Fig. 3 H&E stain of tumor cells showing melanin-rich spindle morphology with minimal atypia
(A , ×200; B , ×400). Benign melanosis in the sphenoid sinus (C , ×200; D , ×100).
During follow-up, the patient developed hepatic lesions detected by abdominal computed
tomography. A liver biopsy was done and confirmed metastatic melanoma with HMB45-MART1-Tyrosinase
antibody positivity. The tests for BRAF mutation and PD-L1 expression were negative.
Since the histopathological diagnosis was uncertain before surgery, systemic screening—including
whole-body positron emission tomography (PET)—was not deemed necessary in the preoperative
period. However, after the diagnosis of melanocytoma was made intraoperatively and
the disease progressed, whole-body PET demonstrated widespread osseous metastases.
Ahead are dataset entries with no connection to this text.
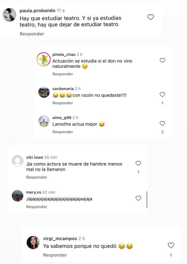 La modelo decidió hace público su casting para la serie "En el Barro", y tuvo comentarios de vario tipo, pero como lo es en estos casos predominaron los negativos: "Hay que estudiar teatro, y si ya estudias teatro, hay que dejar de estudiar teatro", "actuación se estudia si el don no vino naturalmente", "como actora se muere de hambre menos mal no la llamaron" son solo alguno de los comentarios, ah, también cayó Esteban Lamothe en la volteada haciendo hincapié en que él actúa mejor.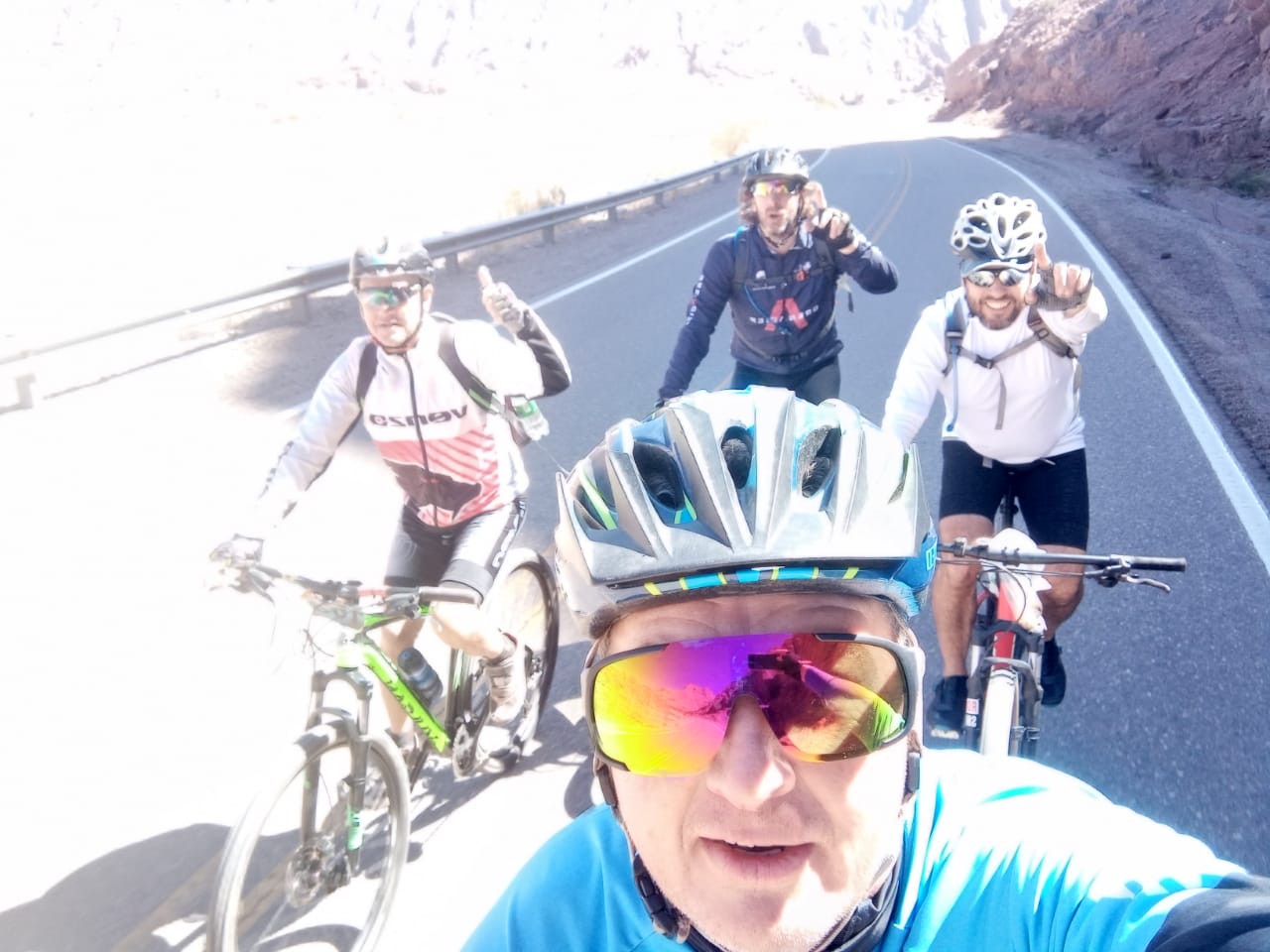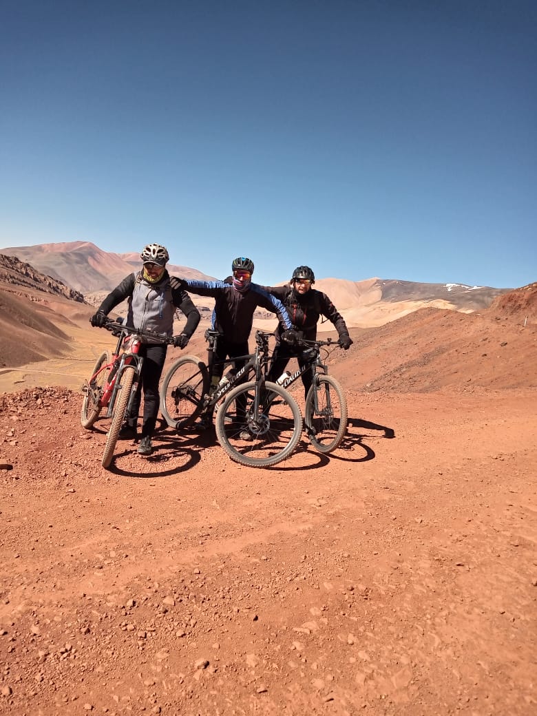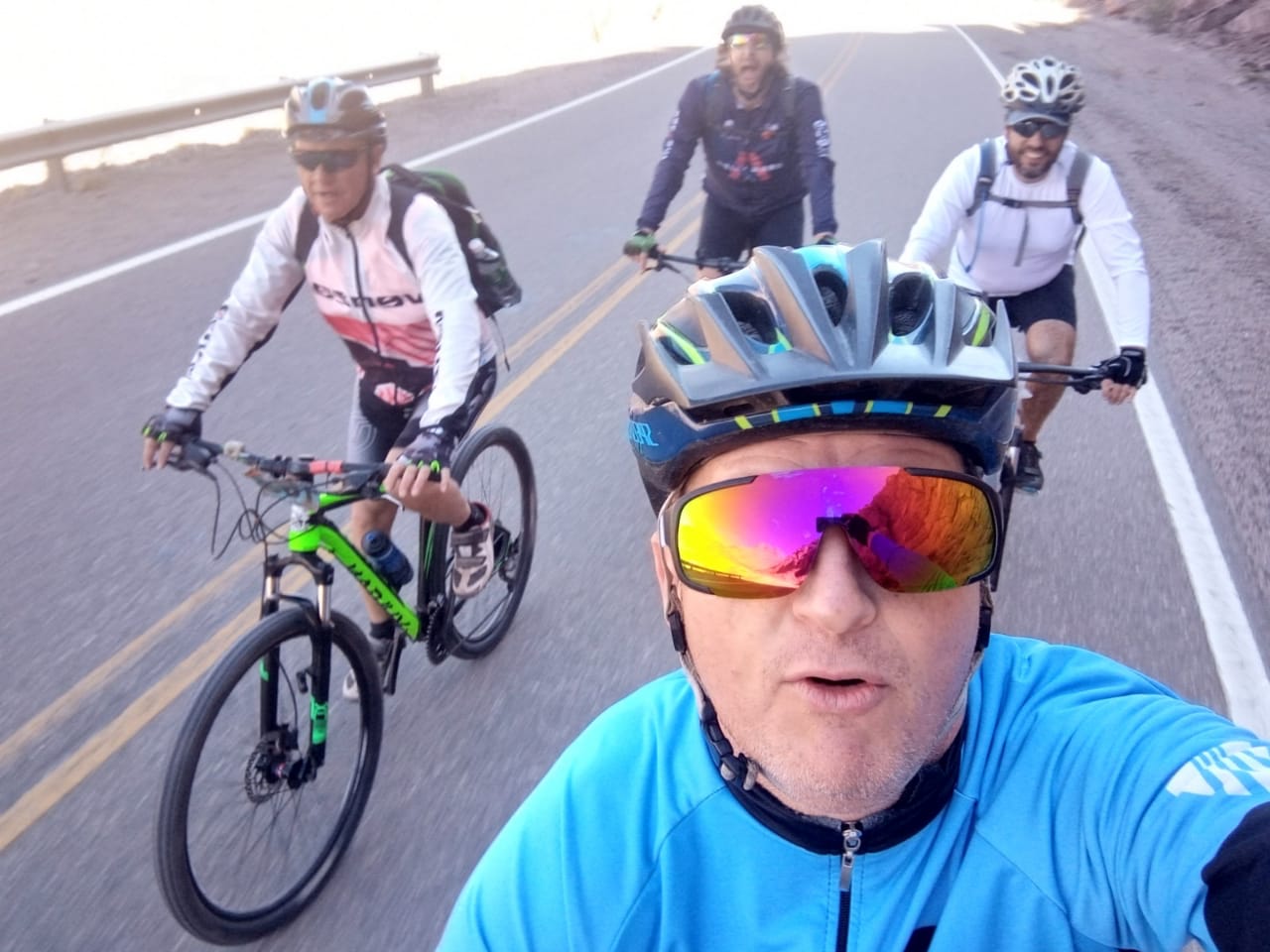 Y el tercer y último día de bicicletear en subida llegó. “Fue la jornada más dura. No se aguantaba el frío y el viento. Luego de casi doras de andar, no adelantamos 3 kilómetros. No sentíamos las manos y las piernas. El Zonda nos volaba las bicis teniendo el precipicio demasiado cerca. En el Portezuelo, a 4000 metros de altura, en una curva y contracurva, tuvimos que bajarnos y esperar que pasen las ráfagas. Pero sin resto ni aire, llegamos y cumplimos el objetivo: poner la bandera de Chascomús en la cumbre”, relató Larry Carosio.
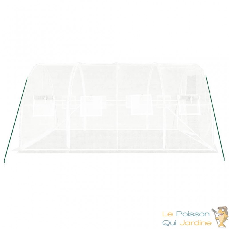 Il est important de noter que la bâche de la serre est légèrement plus longue que le cadre, donc il est recommandé de stabiliser le bord avec de la terre ou des pierres pour assurer une stabilité globale optimale. De plus, des cordes et des piquets sont inclus dans la livraison pour garantir une fixation sécurisée de la serre.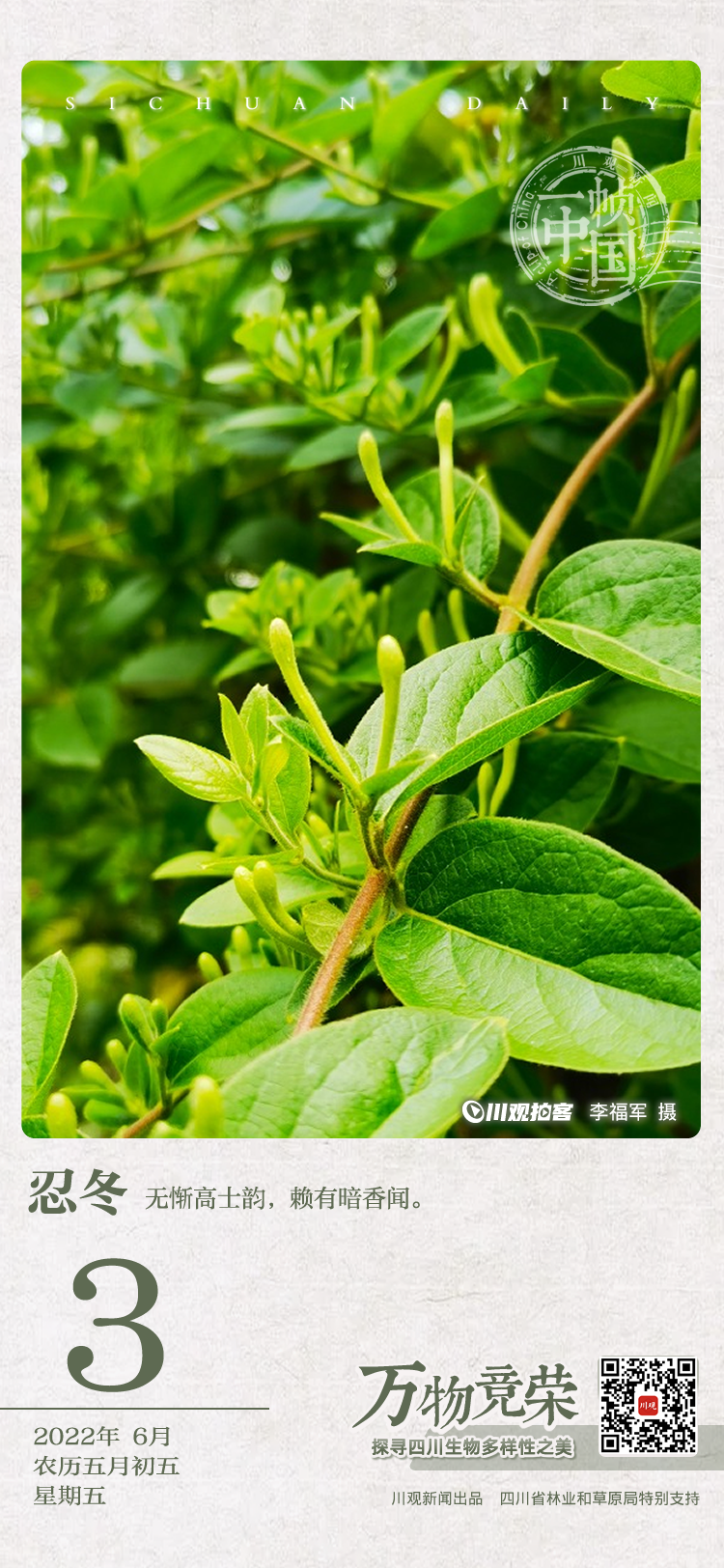 清代诗人王夫之曾在诗作《金钗股》中这样形容忍冬:“无惭高士韵,赖有暗香闻。”也许,诗人咏叹的不仅是忍冬纯净的幽香,还有这种越冬不凋的高洁吧。
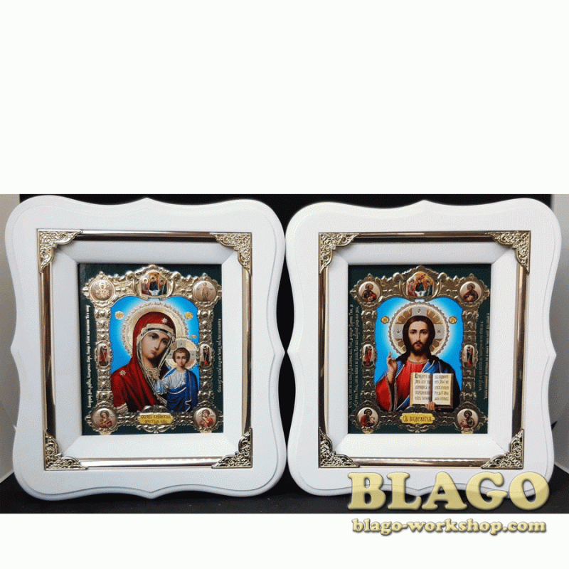 Pair Wedding Icons Our Lady Of Kazan And Christ The Savior Icons, 17х19 cm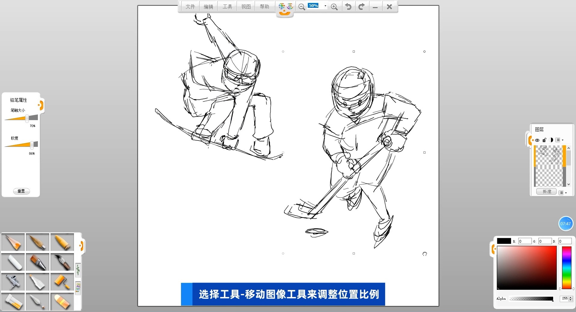 02新建一個空白圖層,選擇鉛筆筆觸來繪制海報的草圖
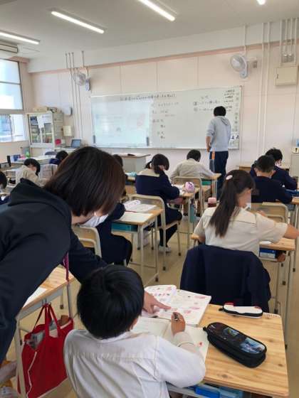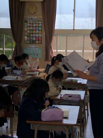 上段は、4年生の国語。下段は、5年生の算数です。多くの時間、教室には複数の先生が入ってのティームティーチングをしています。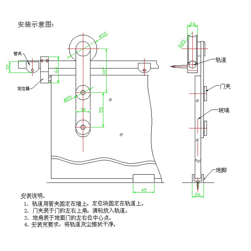 滑车车体材质为304不锈钢,表面工艺为砂光或亮光,滑轮直径为∮52;玻璃开孔尺寸为∮26、两孔中心距为∮55;与∮25的304不锈钢圆管配套使用,玻璃厚度为10mm/12mm.适用于办公室、商场、超市等玻璃或木质推拉门使用。具有滑动平稳、美观漂亮等优点。双滑车承载能力150公斤。
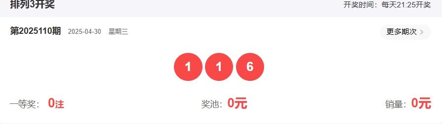 排列三第2025110期开奖回顾:开奖号码:116 形态:组三

Despite adjuvant radiotherapy, the patient died of progressive disease.
Discussion
This case illustrates a paradoxical clinical course: a histologically benign meningeal
melanocytoma with subsequent rapid systemic dissemination. Several hypotheses may
explain this discrepancy:
Sampling error: histologic sections may not represent the entire lesion; focal malignant
areas could have been missed.
Biological spectrum: melanocytomas may occupy a continuum with melanomas, especially
in the CNS, where neural crest–derived melanocytes may harbor latent oncogenic potential.
Immunophenotypic silence: the absence of classic melanoma markers (e.g., BRAF mutation,
mitosis) does not preclude aggressive behavior, as supported by recent molecular profiling
studies.[4 ]
[5 ]
Radiologically, both melanocytomas and melanomas demonstrate T1 hyperintensity and
T2 hypointensity due to melanin's paramagnetic effects. However, radiology alone cannot
reliably differentiate benign from malignant lesions. Furthermore, diffuse leptomeningeal
melanocytosis and melanomatosis, though rare, may resemble infectious or inflammatory
conditions on imaging and cerebrospinal fluid analysis.[6 ]
[7 ]
No standardized treatment protocol exists for primary CNS melanocytic tumors.[8 ] Gross total resection remains the cornerstone of treatment, particularly for localized
masses. In our case, complete resection was not feasible due to brainstem adherence.
Although radiotherapy was administered postoperatively, it failed to prevent systemic
spread. There is limited evidence regarding the efficacy of systemic therapies in
primary CNS melanocytomas, particularly those undergoing malignant transformation.
This case raises two essential clinical considerations: (1) even histologically benign
melanocytic CNS tumors warrant long-term surveillance; (2) absence of systemic disease
at presentation does not rule out future metastasis.
Conclusion
Meningeal melanocytomas, while typically benign, can exhibit aggressive biological
behavior and metastasize. Long-term follow-up and a high index of suspicion are essential,
even when histologic and molecular findings suggest indolence. This case emphasizes
the need for multidisciplinary vigilance and may support broader resection and earlier
adjunctive therapy in select patients.